The observations in the current paper show a galaxy consisting of several groups with two components in the main group and a long tail, suggesting an ongoing merger of two galaxies into a larger one.

“The merger hasn’t finished yet. We can tell this by the fact we still see two components. The long tail is likely produced by some of the matter being cast aside during the merger. When two things merge, they sort of throw away some of the matter. So, this tells us that there’s a merger and this is the most distant merger ever seen,” says Dr Boyett.

This and other observations using the JWST is causing astrophysicists to adjust their modelling of the early years of the Universe.

“With James Webb we are seeing more objects in the early cosmos than we expect to see, and those objects are more massive than we thought as well,” says Dr Boyett. “Our cosmology isn’t necessarily wrong, but our understanding of how quickly galaxies formed probably is, because they are more massive than we ever believed could be possible.”

Dr Boyett’s team’s findings show these galaxies were able to accumulate mass so fast by merging.

But it is not only the size of the galaxies and the speed with which they grew that surprises Dr Boyett. His paper for the first time describes the population of stars that make up the merging galaxies – another detail made possible by JWST.

“When we compared our spectrum analysis with our imaging, we found two different things. The image told us the population of stars was young, but the spectroscopy spoke of stars that are quite old. But it turns out both are correct because we don’t have one population of stars but two,” Boyett says.

“The old population has been there for a long time and what we believe happens is the merger of the galaxies produces new stars and that’s what we’re seeing in the imaging – new stars on top of the old population.”

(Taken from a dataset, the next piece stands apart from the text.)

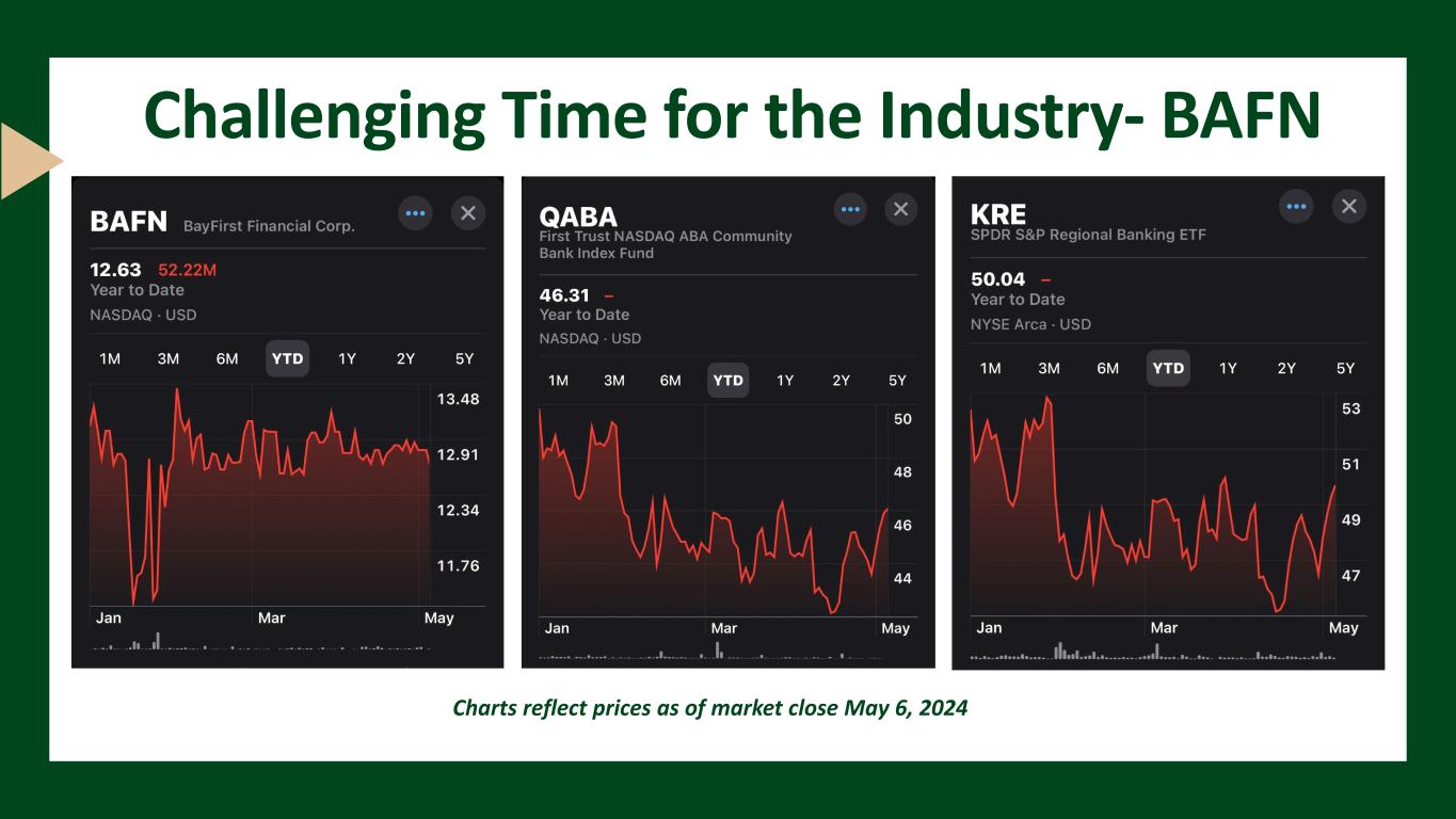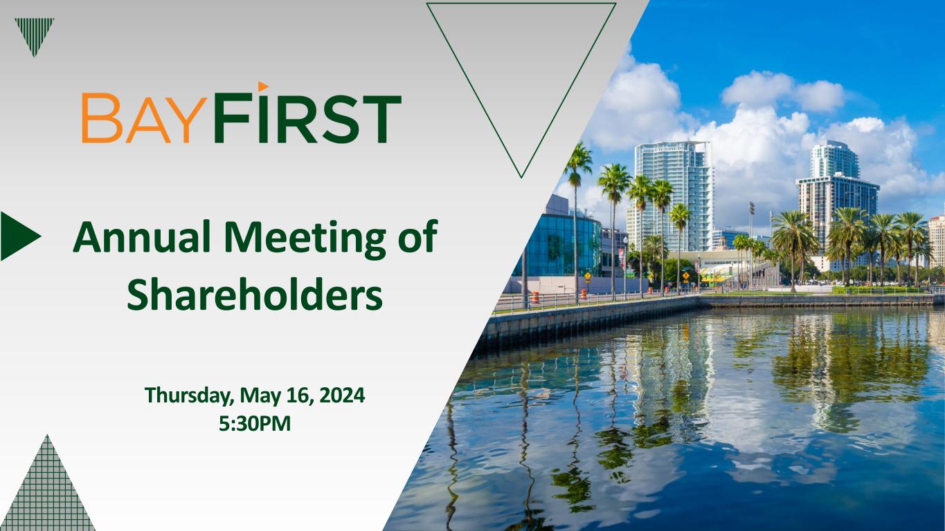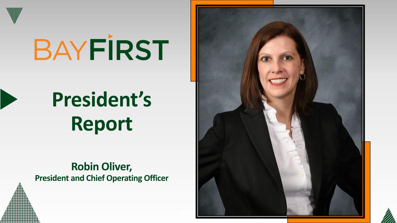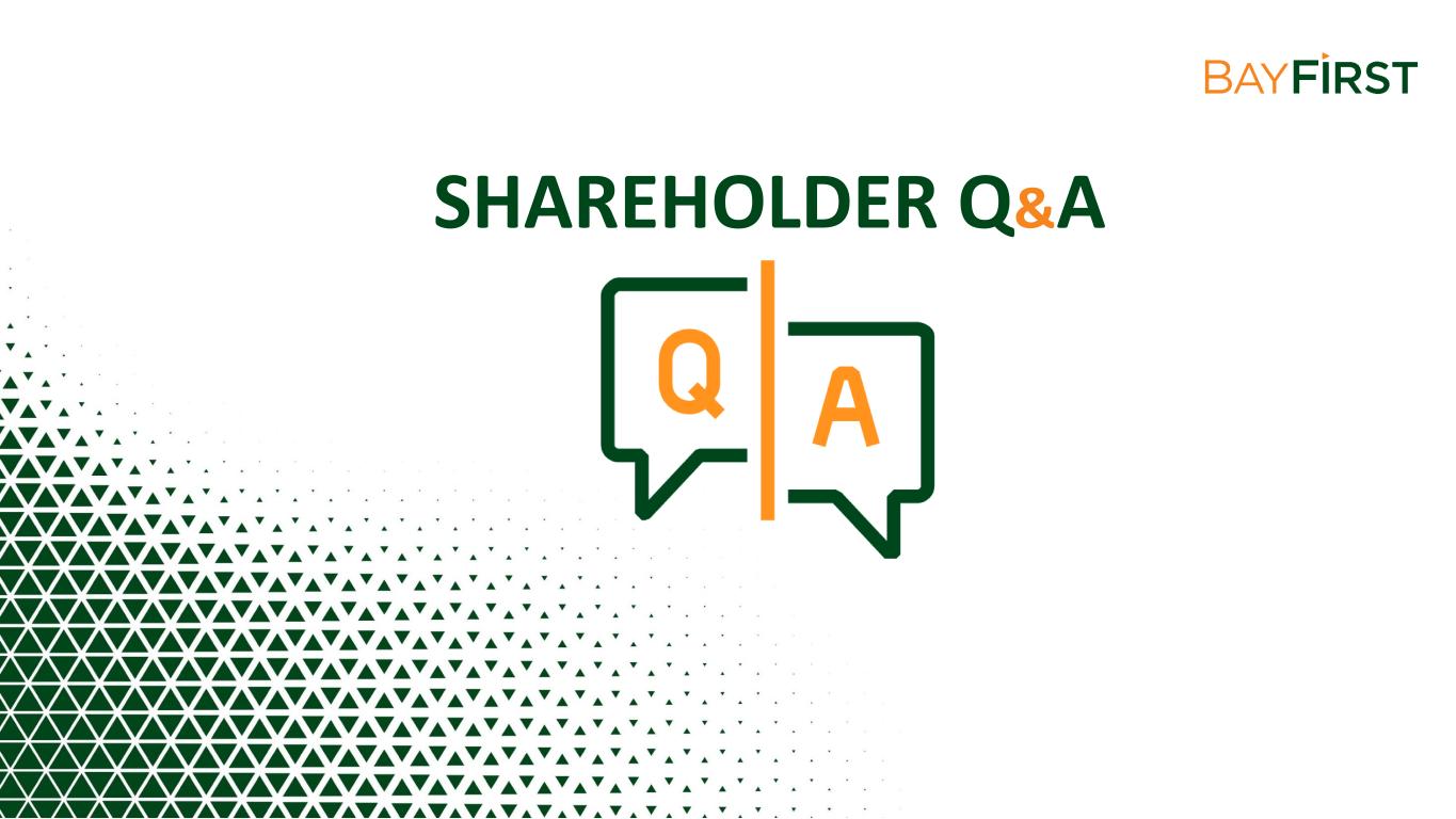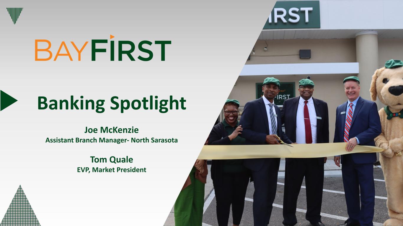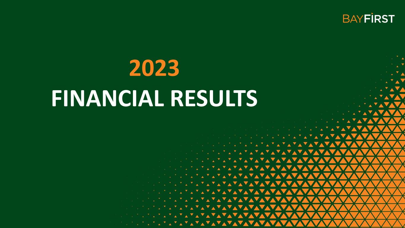 New referral partnerships; Optimize pull-through processes Increase SBA Volume Boost profitability by focusing on revenue growth and optimizing the Bank’s efficiency ratio Enhance Earnings Stability Enhance overall customer experience, engagement, and satisfaction. Improve digital channels and functionalities Customer Engagement Maximize investment in existing banking centers to increase brand awareness and core deposit customers while targeting expansion in Hillsborough County and East of Tampa for future franchise growth opportunities Increase Brand Awareness Evaluate a public offering of BayFirst Shares to provide growth capital and expand the company’s shareholder base Expand Shareholder Base Moving BayFirst Forward in 2024

Most studies of these very distant objects show very young stars, but this is because the younger stars are brighter and so their light dominates the imaging data. The JWST, however, allows for such detailed observations the two populations can be distinguished.

“It’s the fact that the spectroscopy is so detailed, we can see the subtle features of the old stars that tell us actually there’s more there than you think,” says Dr Boyett.

“This is not all that surprising, we know that over the history of a universe there are peaks of new star formation for various reasons, and that results in multiple populations.

“But it’s the first time we’ve really seen them at this distance.”

The paper has significant implications for current modelling.

“Our simulations can produce an object similar to the one we observed, roughly at the same age of a universe, and roughly the same mass, however, it’s incredibly rare. So rare there’s only one of these in the whole model. The chance of us observing that with our observations, then suggest we either incredibly lucky or our simulations are wrong, and this sort of object is more common than we think,” says Dr Boyett.

“The thing we think we’re missing is that stars were forming much more efficiently and that may be what we need to change in our models.”